Records drawn from a dataset
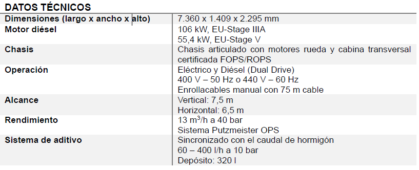 El caudal teórico máximo alcanza los 13 m³/h a 40 bar, lo que lo convierte en una solución ideal para aplicaciones en galerías de dimensiones reducidas. El equipo puede conectarse directamente a la red eléctrica de la mina o funcionar de forma autónoma con su potente motor diésel (Dual Drive). Además, como en otros equipos de la serie Wetkret de Putzmeister, viene equipado con un preciso sistema de sincronización de aditivo con el caudal de hormigón controlado mediante software.
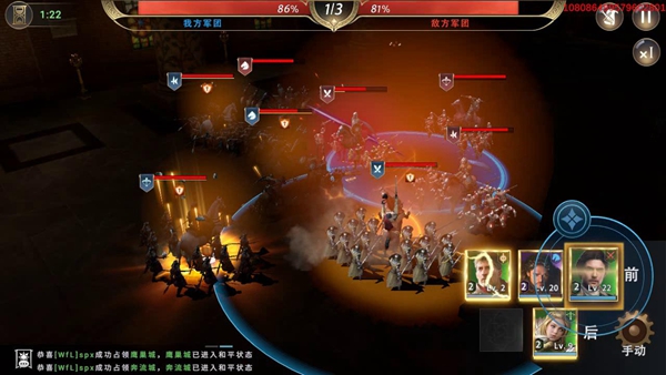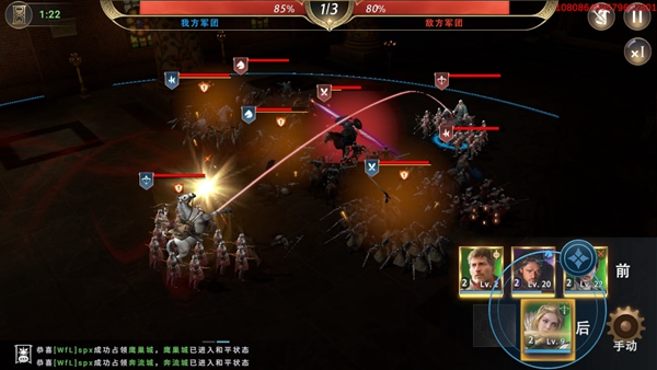 领主按住右下角的指挥官头像,可调整技能覆盖的范围,通过上下拖动,最多可让克里斯的技能同时覆盖敌方的两个前排方阵和一个弓兵方阵,并对敌方指挥官造成伤害。所以圆形技能释放时,要记得拖动按钮,使其最大可能的覆盖敌人。
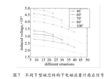 從仿真結(jié)果可以看出:T型磁芯的較長端的角度a越小,流量計(jì)電極兩端獲得的感應(yīng)信號(hào)越大;在T型磁芯的較長端的角度a一定時(shí),T型磁芯的較短端的角度b越小,流量計(jì)電極兩端獲得的感應(yīng)信號(hào)越大。這主要是因?yàn)?strong>井水流量計(jì)勵(lì)磁線圈的增加,使得流量計(jì)測(cè)量區(qū)域的磁場(chǎng)強(qiáng)度增加,同樣分布的流速下使得流量計(jì)電極兩端的感應(yīng)信號(hào)增加。
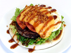 焼きたてのフォカッチャの上にパティと目玉焼き、野菜、チーズがのっています。トッピングのベーコンビッツ、フライドオニオン、チーズスプリンクルが歯ごたえと風味を演出。デミグラスソースをかけたボリューミーな一品です。
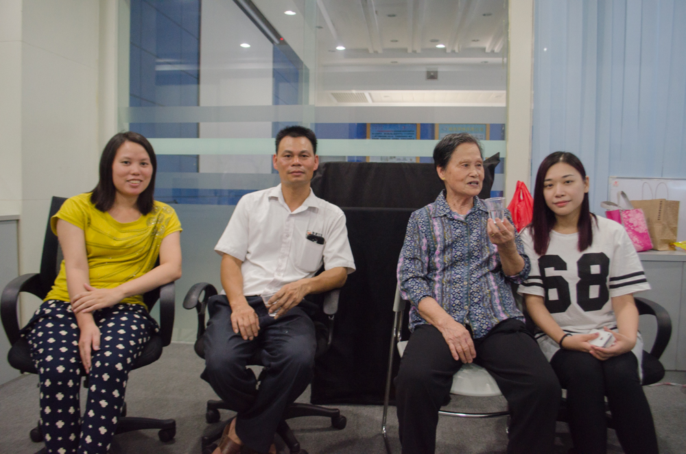 中午11点多,徐婆婆吃过饭后,独自一人拿着四五斤荔枝与粽子便出门了。由于不知道颐老一键通服务中心在哪里,婆婆拿着一张写有中心地址与电话的小纸条,在邻居李叔的帮助下,乘坐摩托车来到客服中心。看见婆婆一个人拿着重物来探望,在场所有工作人员都特别感动。徐婆婆表示,之前一直都有头晕、头痛症状,在患病期间,收到了爱心铃客户人员的真诚关怀,让她倍感温暖,“一直很感谢您们能够常常打电话给我,不仅关心我的衣食住行,还关心我的生活和心情,您们给我的感觉就像是另一位家人,很窝心。最近身体好些了,我就想过来看看你们!”
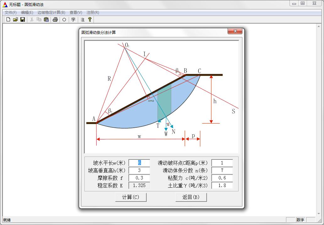 《土质边坡稳定计算》是使用土力学中圆弧滑动条分法来计算土质边坡稳定,适用于河堤、土坝、路基、高填土、山坡开挖等土质边坡的稳定计算,可显示和打印计算书。
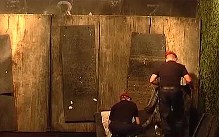 «Учебный тир для проведения стрельб со стрелкового оружия т. е. пистолетов - расстояние 25 метров... Защитный экран, резиновые слои и плюс там защитный пулеулавливатель состоящий из брёвен и песка.»
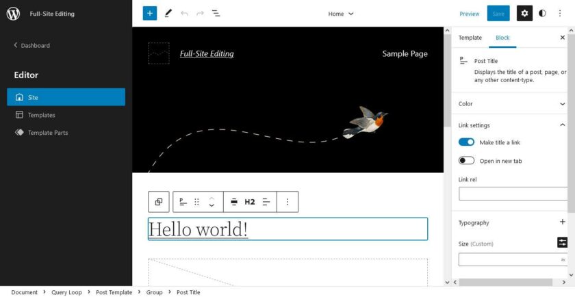 簡而言之,全站編輯意味著 WordPress 現(xiàn)在可以在基于塊的圖形用戶界面中創(chuàng)建和編輯頁面模板和元素,如頁眉和頁腳。
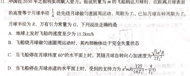 11.中国在2030年之前将实现载人登月。假设质量为的飞船到达月球时,在距离月球表面的高度等于月球半径片处先绕月球做匀速圆周运动,周期为,T10,已知月球自转周期为T2,月球半径为R,万有引力常量为G,下列说法正确的是A.地球上发射飞船的速度至少为11.2km/hB.飞船绕月球做匀速圆周运动时,其内部物体处于完全失重状态C.当飞船停在月球纬度60^的水平面上时,其随月球自转向心加速度为3^2R2T2^2D.当飞船停在月球赤道的水平面上时,受到的支持力为^2mR(12516T1^2-4T2^2)
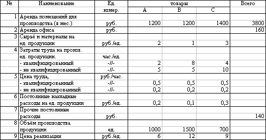 Производственное предприятие выпускает 3 вида продукции: А, В и С.
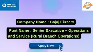 Bajaj Finserv New Job : Apply for the post of Senior Executive – Operations and Service (Rural Branch Operations)
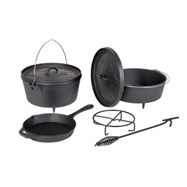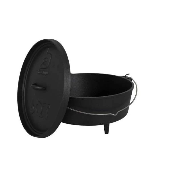 Deze tradiotionele gietijzeren pan kan niet ontbreken als je op vakantie gaat. Je kan hem gebruiken boven open vuur of op kolen. Dit maakt hem ideaal om te bakken, braden, frituren, koken of stofen maar de naam zegt het al, hij is ook geschikt als oven.
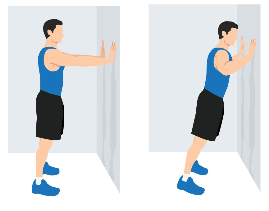 - While keeping your knees straight, lift the heels as high as you are able then slowly lower them back to the ground.
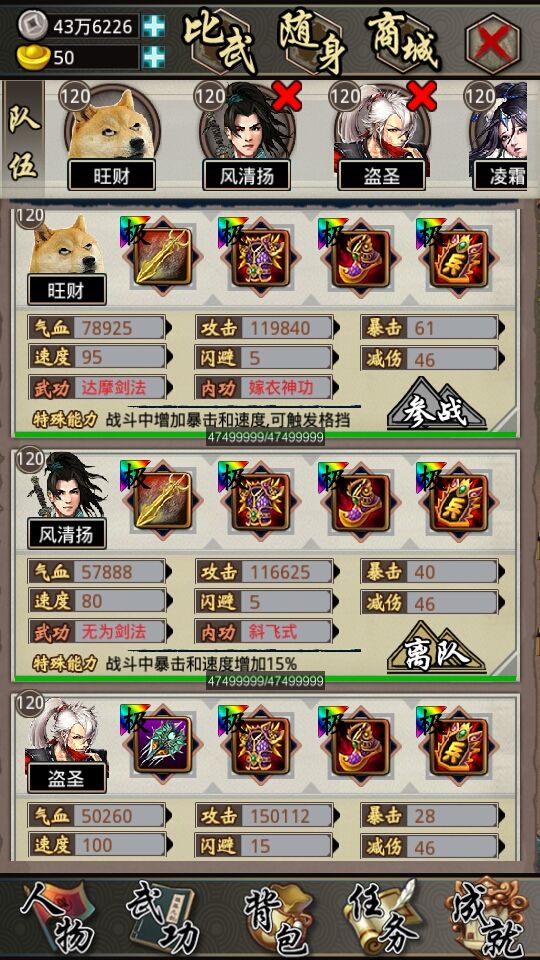 我的旺财有比武换的六级剑法六级内功,其他4个出战伙伴都是五级的,我还肝了焦土,没暴击所以就没装上
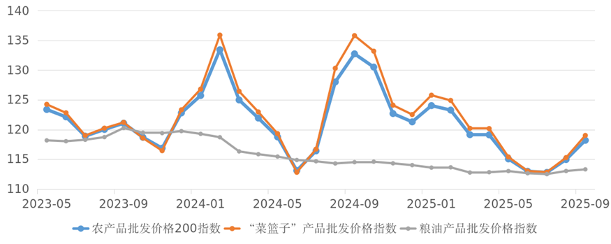 消费价格温和上行农产品批发价格200指数环比上升。农业农村部数据显示,9月份农产品批发价格200指数为118.18(图3),较8月份上升3.24点,环比涨幅为2.82%。分类别看,“菜篮子”产品批发价格指数环比上升3.24%;粮油产品批发价格指数环比上升0.25%。
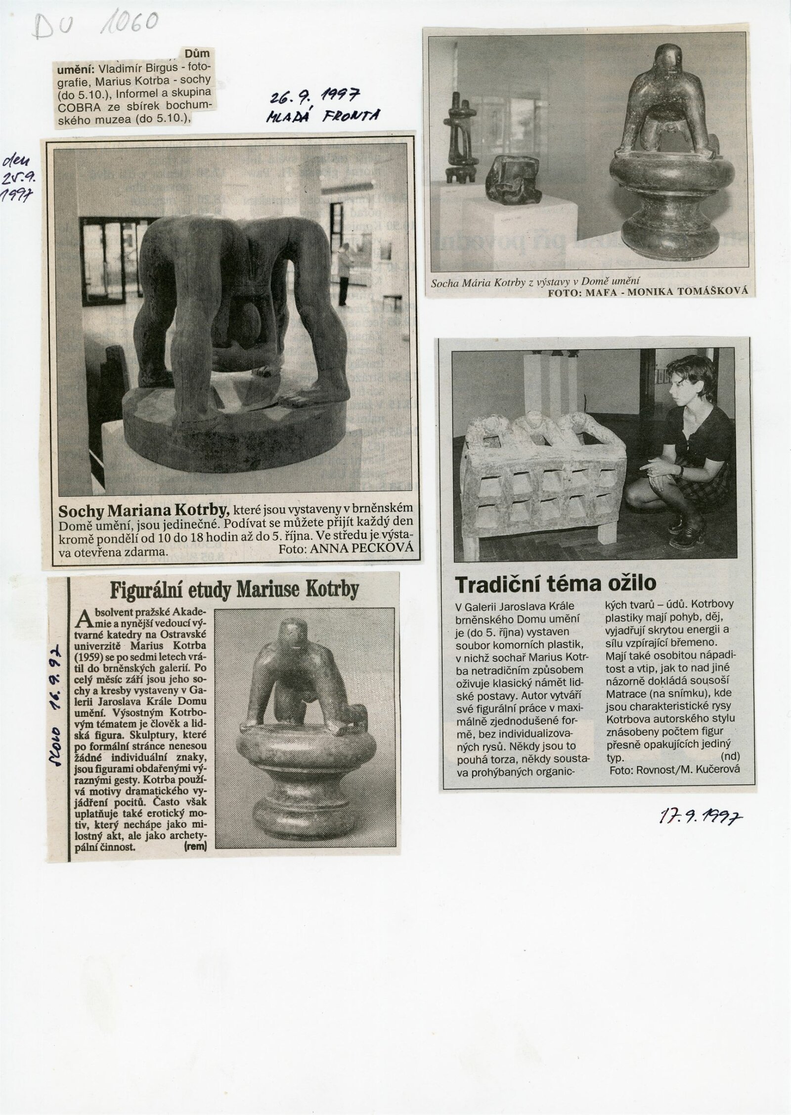 Márius Kotrba. Sochy: Dům umění města Brna, Galerie Jaroslava Krále, 9. 9. – 5. 10. 1997 / Text: Jan Balabán. – B. m. n. – 4 s., životní data, výstavy, symposia, DU 1060
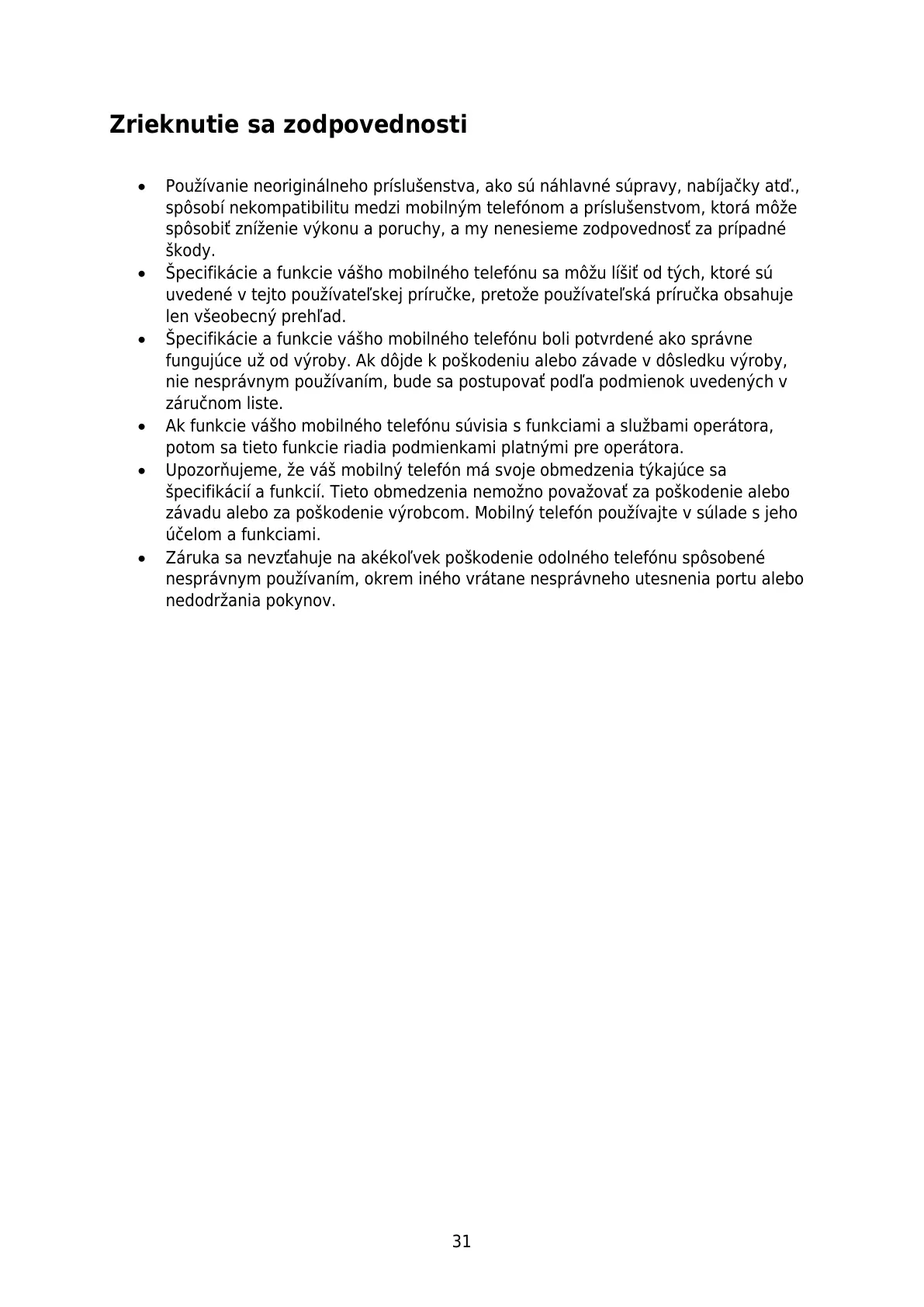 závadu alebo za poškodenie výrobcom. Mobilný telefón používajte v súlade s jeho
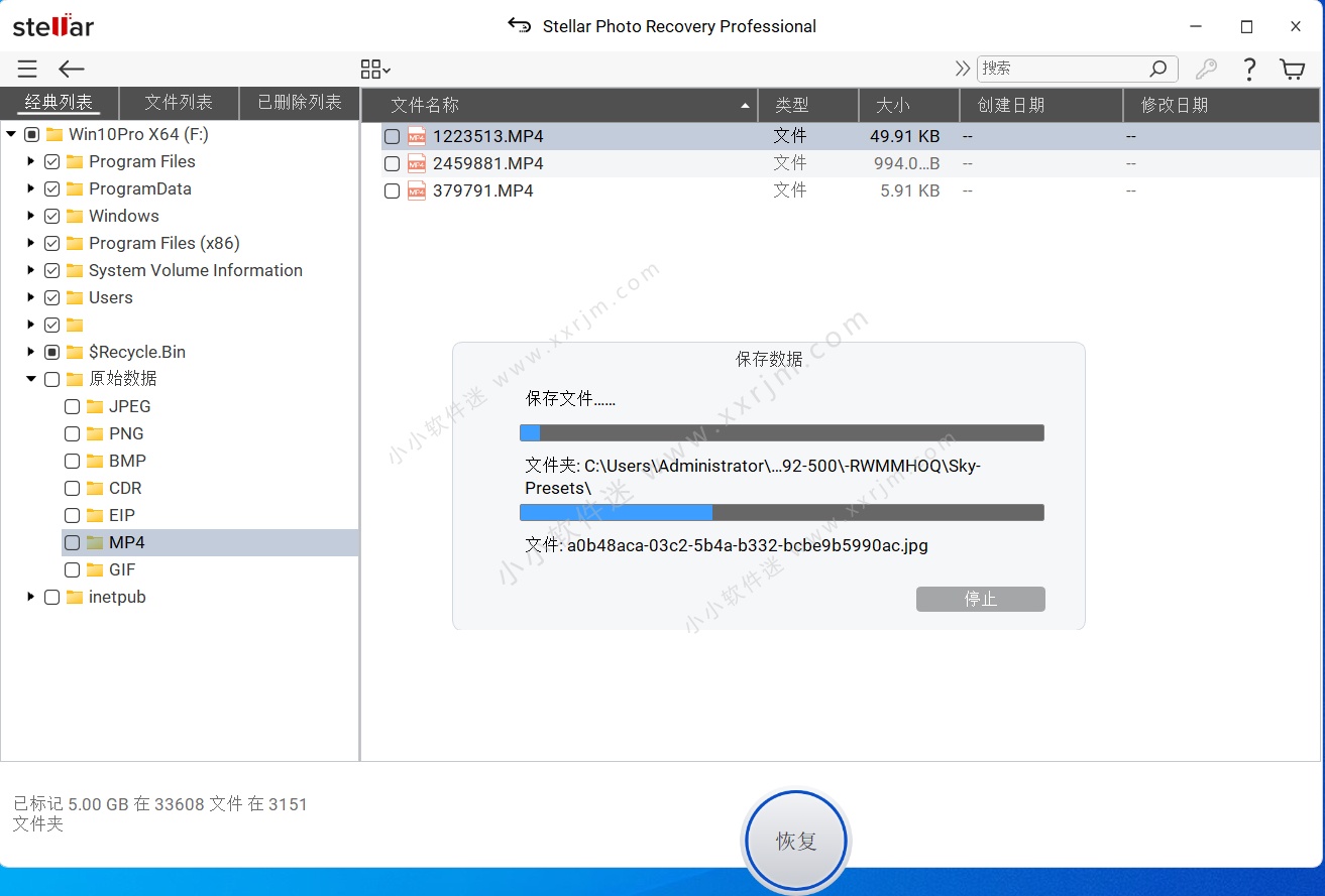 预览并恢复任何丢失/删除/无法访问的视频文件,而不会影响其视觉质量。软件支持的视频文件格式包括MP4,3GP,AVI,MPEG,Matroska视频文件(MKV),AVCHD视频文件(MTS),Divx编码电影文件(DIVX),MOI视频文件,视频对象文件(VOB) ,OGG媒体播放器(OGM),3G2,ASX
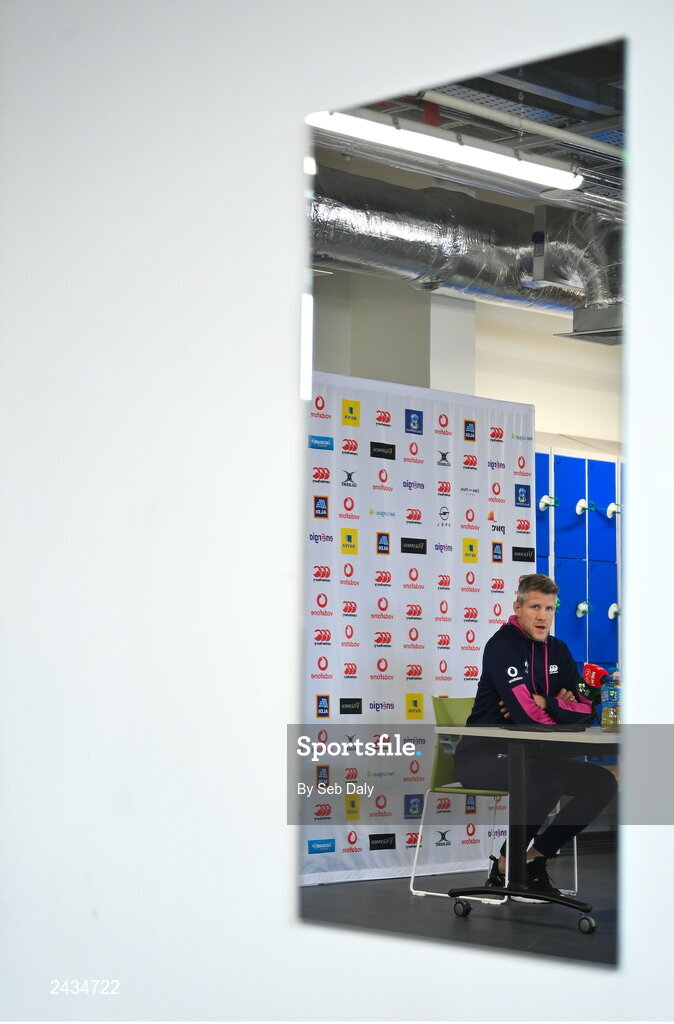16 February 2023; Defence coach Simon Easterby speaking during an Ireland rugby media conference at the IRFU High Performance Centre on the Sport Ireland Campus in Abbotstown, Dublin. Photo by Seb Daly/Sportsfile
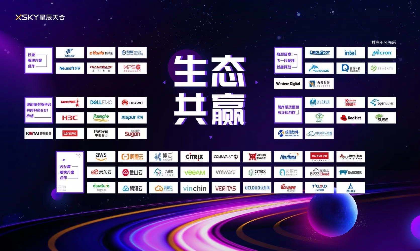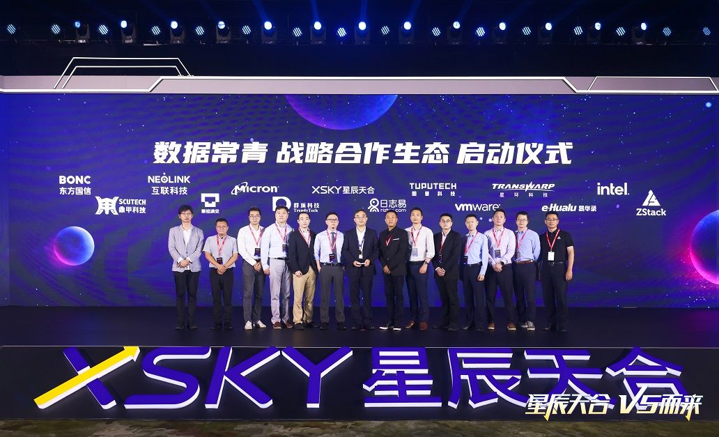會上,XSKY聯合鼎甲、英特爾、VMware、世紀互聯、華控清交、群頂科技、圖譜科技、日志易、東方國信、美光科技、星環科技、云軸科技等來自數據中心 、云廠商、數據服務等領域的十多家合作伙伴,共同啟動“數據常青戰略合作生態”,一道為客戶打造基于云邊協同形態的、圍繞數據存儲、數據管理和數據應用為核心的服務生態,為數據“匯、存、管、用”全生命周期的管理保駕護航,賦能下沉市場加速數字化轉型升級。通過此次啟動儀式,鼎甲與XSKY將充分發揮自身優勢強強聯手,持續加深生態合作,共同為廣大政企客戶提供高效可靠的技術解決方案!
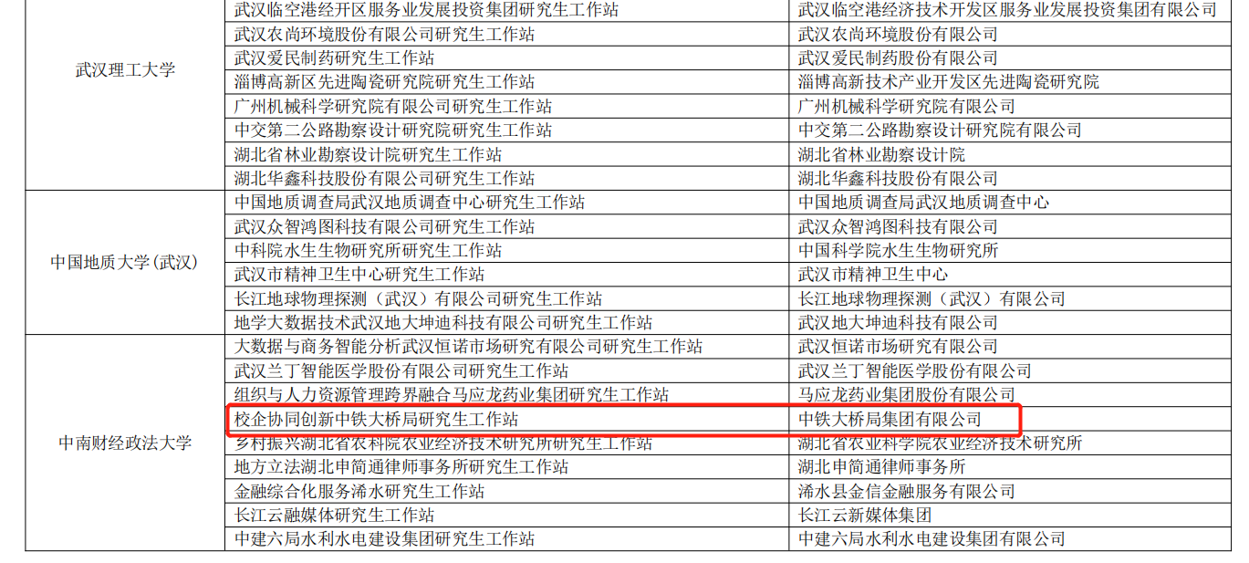 与中铁大桥局集团有限公司合作建设的“校企协同创新中铁大桥局研究生工作站”获批湖北省研究生工作站。

__Exercise brief__
All lines above starting at the one with "我的旺财有比武换的六级剑法六" and ending at the one with "16 February 2023;", inclusive, are to be printed again exactly, with the pictures left out.

__Task solution__
 我的旺财有比武换的六级剑法六级内功,其他4个出战伙伴都是五级的,我还肝了焦土,没暴击所以就没装上
 消费价格温和上行农产品批发价格200指数环比上升。农业农村部数据显示,9月份农产品批发价格200指数为118.18(图3),较8月份上升3.24点,环比涨幅为2.82%。分类别看,“菜篮子”产品批发价格指数环比上升3.24%;粮油产品批发价格指数环比上升0.25%。
 Márius Kotrba. Sochy: Dům umění města Brna, Galerie Jaroslava Krále, 9. 9. – 5. 10. 1997 / Text: Jan Balabán. – B. m. n. – 4 s., životní data, výstavy, symposia, DU 1060
 závadu alebo za poškodenie výrobcom. Mobilný telefón používajte v súlade s jeho
 预览并恢复任何丢失/删除/无法访问的视频文件,而不会影响其视觉质量。软件支持的视频文件格式包括MP4,3GP,AVI,MPEG,Matroska视频文件(MKV),AVCHD视频文件(MTS),Divx编码电影文件(DIVX),MOI视频文件,视频对象文件(VOB) ,OGG媒体播放器(OGM),3G2,ASX
16 February 2023; Defence coach Simon Easterby speaking during an Ireland rugby media conference at the IRFU High Performance Centre on the Sport Ireland Campus in Abbotstown, Dublin. Photo by Seb Daly/Sportsfile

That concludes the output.